Spring 2024

Freud as a Jewish Thinker: Jewish Jokes, Psychoanalysis, and the Modern World

Listed in: History, as HIST-256


Benjamin A. Wurgaft (Section 01)


[EU/TC] Sigmund Freud, as we know, was a Jew. But why was psychoanalysis called “The Jewish Science”? And why did Freud include so many Jewish jokes in his short 1906 volume, Jokes and their Relation to the Unconscious? This course is an introduction to the intellectual history of psychoanalysis and its intersections with modern Jewish history, using Freud’s book on jokes as an entry-point to his scientific, humanistic, and religious milieu. Topics will include Freud’s thought and criticisms thereof from later feminist psychoanalysts, the place of Jews in the Austro-Hungarian empire, Viennese culture at the turn of the twentieth century, the reception of Freud in popular culture, the genre called “modern Jewish thought,” and of course, jokes. Psychoanalysis, we will see, is not solely a "Jewish science," but it does have Jewish origins, and so does the therapeutic culture that thrived over the past century, and that continues to influence us today. Course meets twice weekly.

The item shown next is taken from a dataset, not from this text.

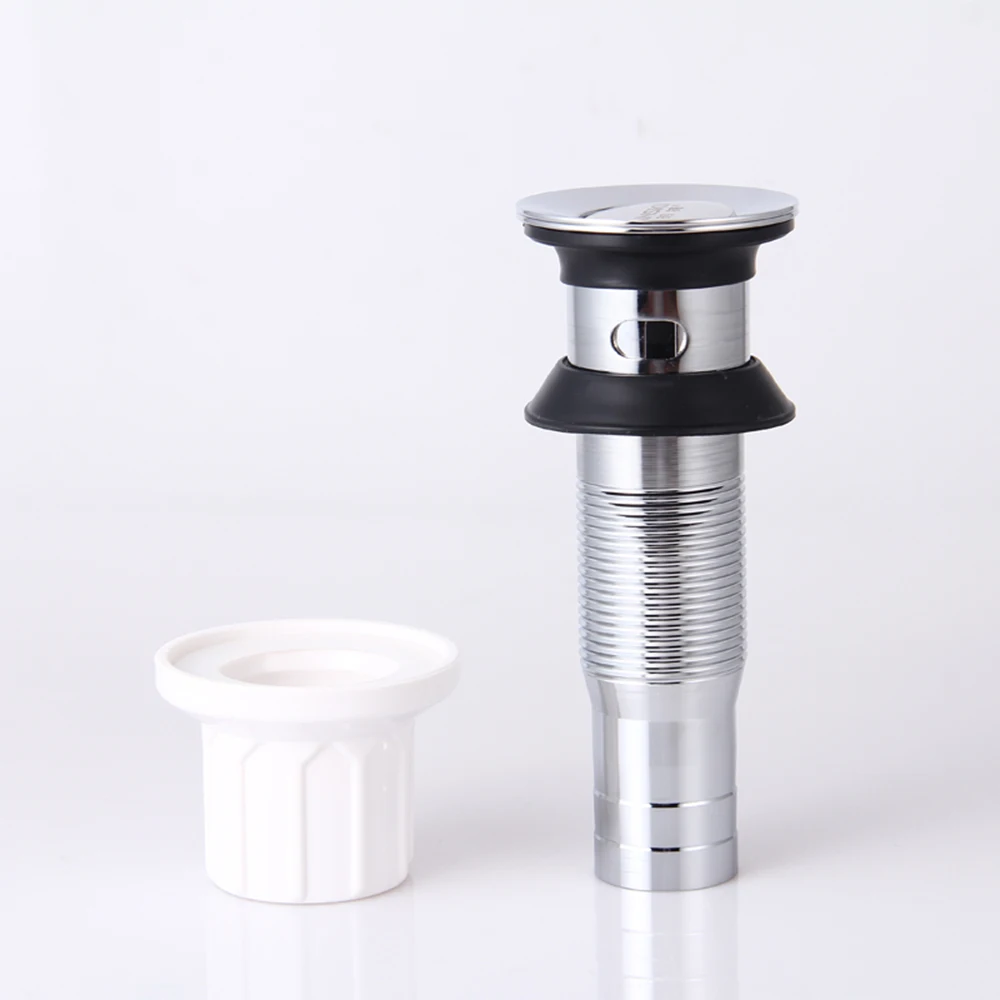 Déanann na cumais comhtháiteachta leis an mbunaitín a dhéanamh den mhaisín cruinnithe seo, Pop-Up Drain Accessory de Stainlis éadach Nua-aimseartha do Thaighdeil do Bhunaitíní Lampa do Bhunaitíní Strainer Pop-Up Stopper do Sheomra Folctha, go háirithe freagrach do dhearthóirí seomra folctha óstán nua-aimseartha áit a bhfuil díon bunaitín gan trastomhas riachtanach. Díríonn an chuid strainer ar ghabháil slí do chlochán agus do réir a chéile agus uisce a rith go héifeachtach, ag coscú ar bhlacáil a d’fhéadfadh oibríochtaí an óstáin agus taitneamh an aoi a mheas. Comhlíonann an próifíl ghlan ealaíne na seomra folctha nua-aimseartha agus soláthraíonn sé feidhmchláir praiticiúla a éilítear ag proifisiúnaigh ospidéalachta.

Spring semester. Visiting Assistant Professor Wurgaft.

How to handle overenrollment: null

Students who enroll in this course will likely encounter and be expected to engage in the following intellectual skills, modes of learning, and assessment: Close analysis of historical evidence, which may include written documents, images, music, films, or statistics from the historical period under study. Exploration of scholarly, methodological, and theoretical debates about historical topics. Extensive reading, varying forms of written work, and intensive in-class discussions.